LiDAR pulses can reach beneath the canopy thus generating measurements of points there unlike photogrammetry.

o Higher data density

Up to 167,000 pulses per second. More than 24 points per m2 can be measured. Multiple returns to collect data in 3D.o GCP independence Only a few GCPs are needed to keep reference receiver for the purpose of DGPS. There is not need of GCPs otherwise. This makes LiDAR ideal for mapping inaccessible and featureless areas.o Additional data LiDAR also observes the amplitude of back scatter energy thus recording a reflectance value for each data point. This data, though poor spectrally, can be used for classification, as at the wavelength used some features may be discriminated accurately.

Cost:It has been found by comparative studies that LiDAR data is cheaper in many applications. This is particularly considering the speed, accuracy and density of data.

DISADVANTAGES:

LIDAR sensors can only collect during cloud coverage if the clouds are above the height of the airborne platform.

LIDAR sensors can only collect data in reasonably good weather and cannot collect data in rain, fog, mist, smoke, or snowstorms.

In areas of dense vegetation coverage, the LIDAR pulses, in most cases, will not be able to penetrate through the foliage to the ground unless ample openings in the vegetation exist and the spot size of the pulse is small and densely spaced.

Imagery data (digital photos or satellite imagery) are needed to perform proper vegetation classification and removal when producing bare earth models from multiple return LIDAR data.

9. EMERGING TRENDS AND TECHNOLOGY

LASER technology is a vast field involving optical communication and remote sensing, behind the drive to put more lidar in space lies the continuing development of solid state lasers. With the advancement in laser system, improved and effective lasers have been developed which improvise on the exciting system. New semi conductor solid state lasers have led to improved performance of Lidar systems employed in remote sensing.

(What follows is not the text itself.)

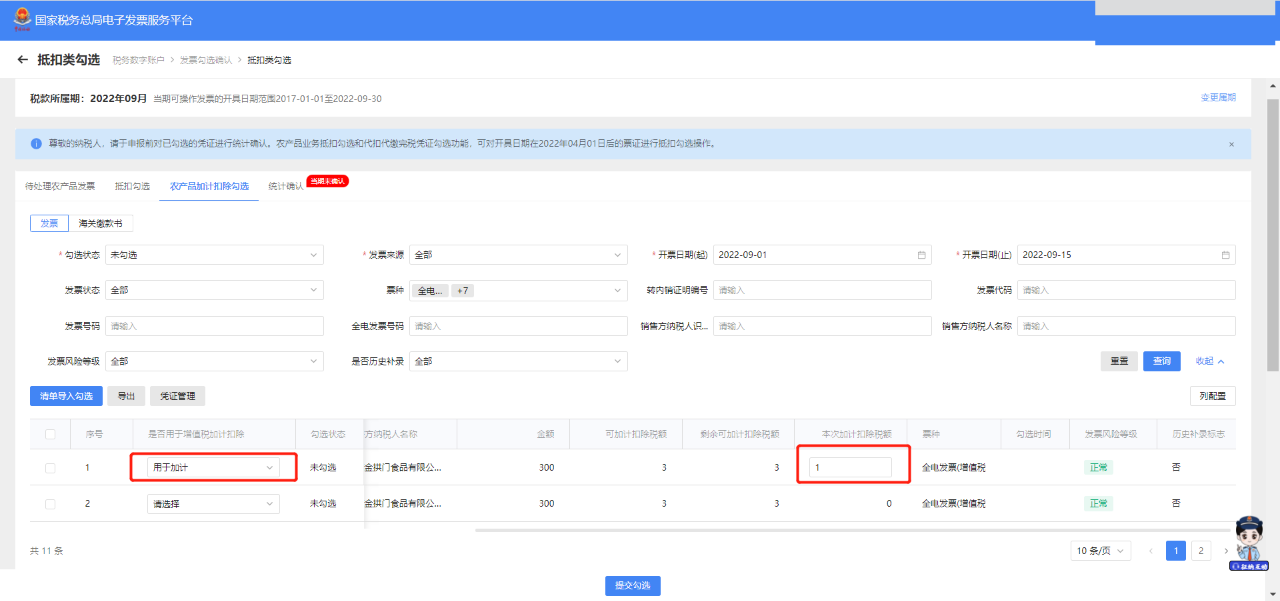 符合條件的農(nóng)產(chǎn)品深加工企業(yè),在執(zhí)行完上述操作后,需要進(jìn)行農(nóng)產(chǎn)品加計(jì)扣除時(shí),得再次選擇【抵扣類勾選】重新進(jìn)入系統(tǒng),選擇“農(nóng)產(chǎn)品加計(jì)扣除勾選”,根據(jù)需要輸入或選擇相關(guān)查詢條件,點(diǎn)擊【查詢】,對(duì)系統(tǒng)彈出的農(nóng)產(chǎn)品發(fā)票信息進(jìn)行勾選確認(rèn)是否用于增值稅加計(jì)扣除,并填寫“本次加計(jì)扣除稅額”。
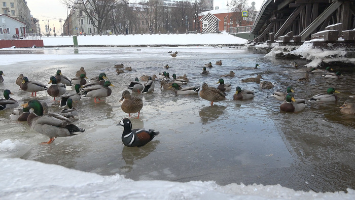 За всю историю наблюдения за птицами это первый случай появления каменушки не только в Петербурге, но и во всем нашем регионе. Ведь зимует каменушка в водах Атлантики, а гнездится на Дальнем Востоке, в Сибири, Гренландии и в Северной Америке. А вот этот красавец уже пятый год живет в нашем городе! Мы начинаем его замечать только с наступлением зимы, когда утка переодевается в свой невероятный сезонный наряд. На фоне привычных нам крякв он словно актер на сцене. А белые пятна по бокам головы похожи на огромные глаза! Ими он как будто смотрит на нас!

The MARS POLAR LANDER has a lidar based system using, which it will be possible to measure and completely analyses the Mars atmosphere for the first time. This is an important landmark in space exploration.

FUTURE SCOPE OF LIDAR

Earth science: Long Duration orbiting Instruments providing global monitoring of the atmosphere and land. Planetary science: Land based scientific instruments providing geological and atmospheric data of solar system bodies. Landing Aid: Sensors provide hazard avoidance, guidance and navigation data.Rendezvous and Docking Aid: sensors providing spacecraft bearing, distance , and approaching velocity.

10. CONCLUSION

It has been shown that LIDAR can be used for atmospheric research in quite different application. Mainly this is related to detailed process studies, where advantage is taken of the capability to observe the vertical distribution of key constituents with rather high resolution. Although most measurements are quite demanding, the technique has been developed to a stage where high accuracy can be achieved. In the case of ozone measurements this can be done in a kind of routine operation, already in the case of water vapour or temperature. Some further development is required to optimize the performance and to achieve the routine operation.

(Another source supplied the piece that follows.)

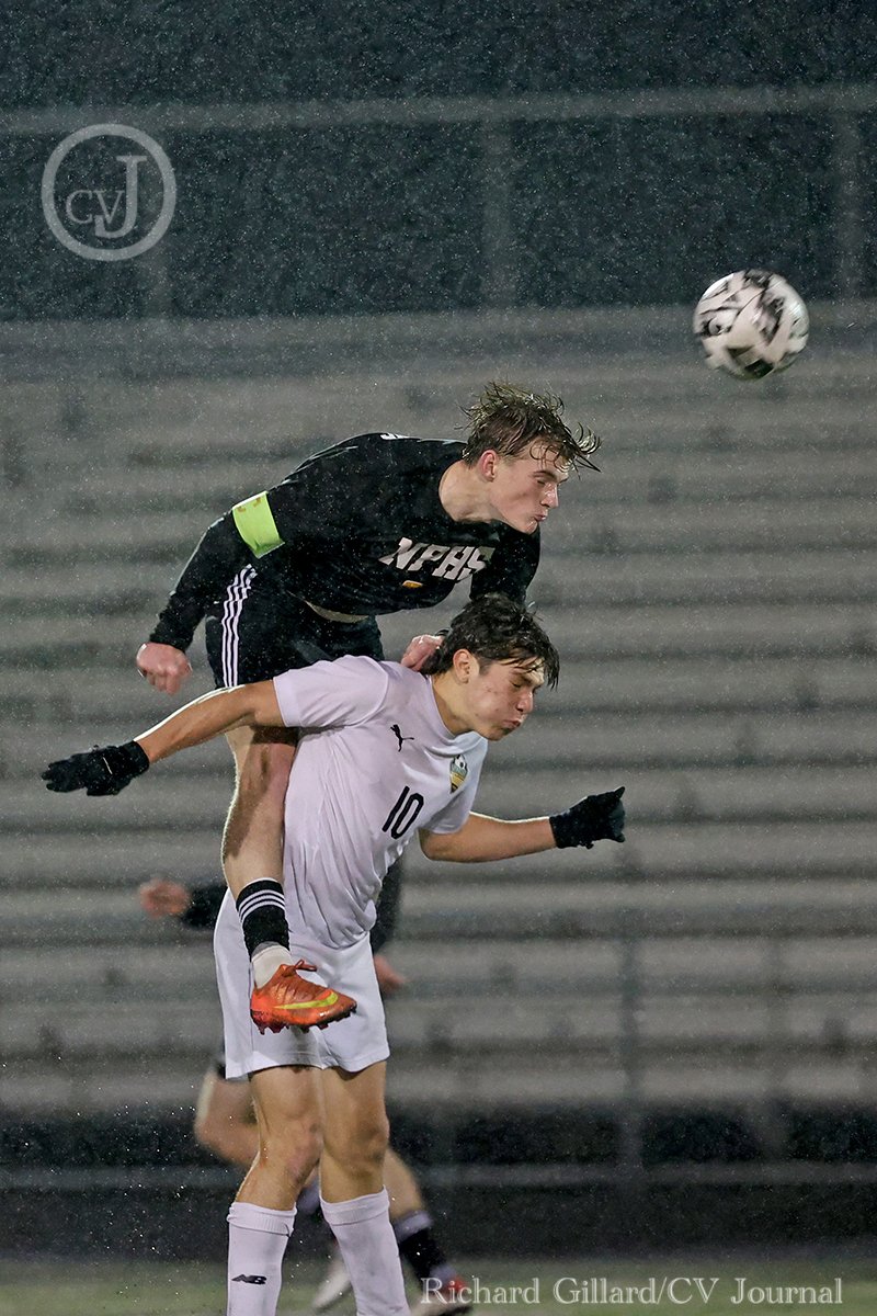 Newbury Park senior Dragen Vrataric and Thousand Oaks senior Gabriel Torreblanca jump to heads the ball during their conference game on Tuesday, February 4, 2025. Thousand Oaks won 4-1. [Richard Gillard/Conejo Valley Journal]

The use of LIDAR has not been limited to atmospheric studies but with many space applications being planned to put into use. This will help us in exploring the unexplored and unexplained phenomenon in our solar system.

11.REFERENCES

[1] Martin D. Adams, Lidar Design, Use, and Calibration Concepts for Correct Environmental Detection, IEEE TRANSACTIONS ON ROBOTICS AND AUTOMATION, Vol. 16, No. 6,Pp.753-761, December 2000.

[2] Fei Wang , LIDAR data acquisition methods in emergency management applications. Eng. Phys. Dept., Tsinghua Univ., Beijing, China, Geoinformatics, 2011 19th International Conference on 24-26 June 2011.